The article I am working with predicts the league results of the 2023 season for club soccer. The artical is linked here: https://projects.fivethirtyeight.com/soccer-predictions/.
I have simplified the table to just have the name, offensive rating, and defensive rating. I then added a new column to determine if the team has an above average or below average offensive rating.
library(RCurl)
x <- getURL("https://raw.githubusercontent.com/bwolin99/TestRepo/main/spi_global_rankings.csv")
y <- read.csv(text = x)
df <- data.frame(Name = y$name, Off = y$off,
Def = y$def)
df$Off_Rating[df$Off > mean(df$Off)] <- "Above Average"
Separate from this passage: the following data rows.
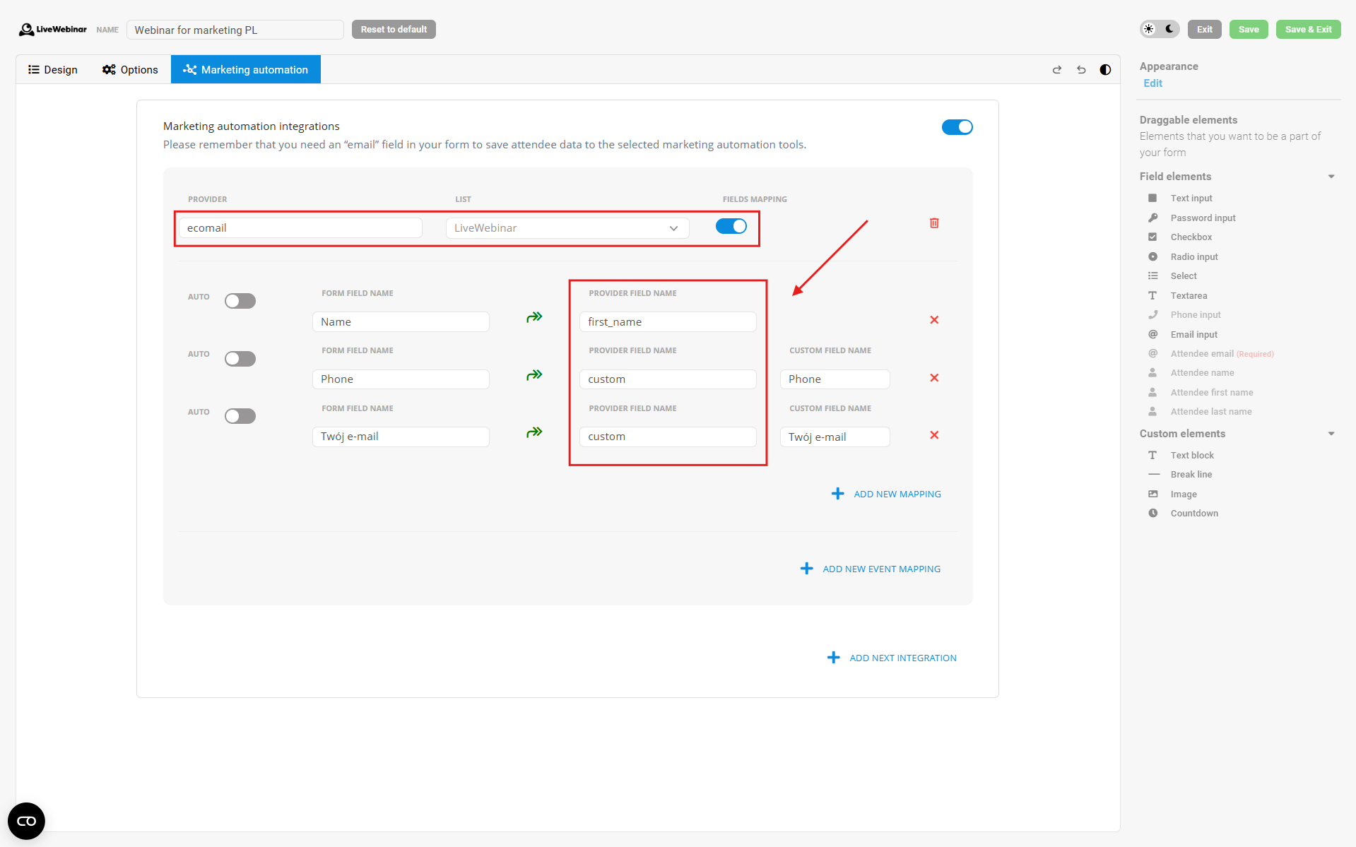 3. Confirm: Save the settings and proceed to create or edit your webinar.4. Configure the form: While setting up the registration form, go to the Integrations tab. Select Ecomail from the provider list, choose your target contact list, and map the form fields correctly.
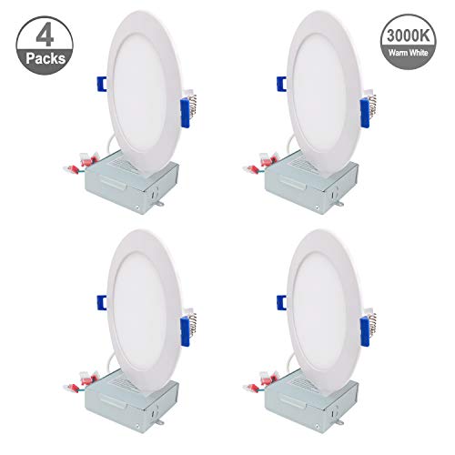JULLISON LED 6 Inch Recessed Low Profile Slim Panel Light with Junction Box, IC Rated Air Tight, 12W, 800 Lumens, 3000K Warm White, CRI80+, Dimmable, Damp Location, ETL + Energy Star (4 Packs)
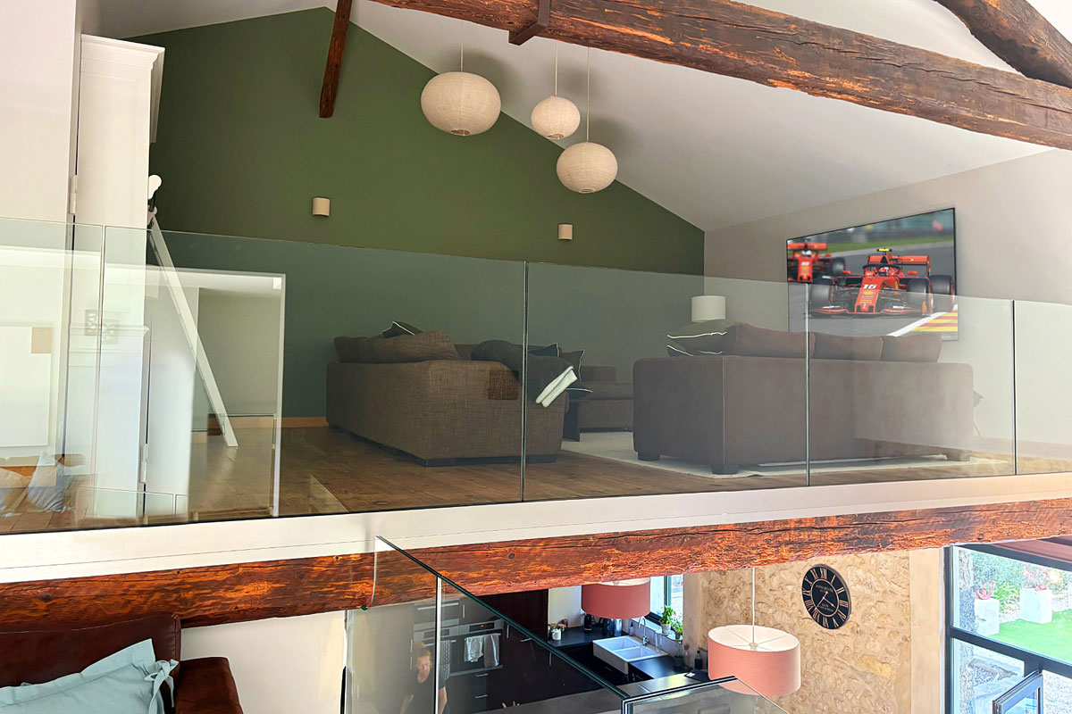 Staircase leads to the first floor, to the right on the mezzanine is the air-conditioned TV room (86 inch smart TV, with UK channels) which has a glass wall overlooking the ground floor.

df$Off_Rating[df$Off < mean(df$Off)] <- "Below Average"
head(df)
## Name Off Def Off_Rating
## 1 Manchester City 2.79 0.28 Above Average
## 2 Bayern Munich 3.04 0.68 Above Average
## 3 Barcelona 2.45 0.43 Above Average
## 4 Real Madrid 2.56 0.60 Above Average
## 5 Liverpool 2.63 0.67 Above Average
## 6 Arsenal 2.53 0.61 Above Average
Some work I could do with this dataset in the futures is using the spi numbers for each team to create comparissons between different leagues. This could provide insight into which league can be considered the “strongest”, meaning it is made up of teams with the highest ratings.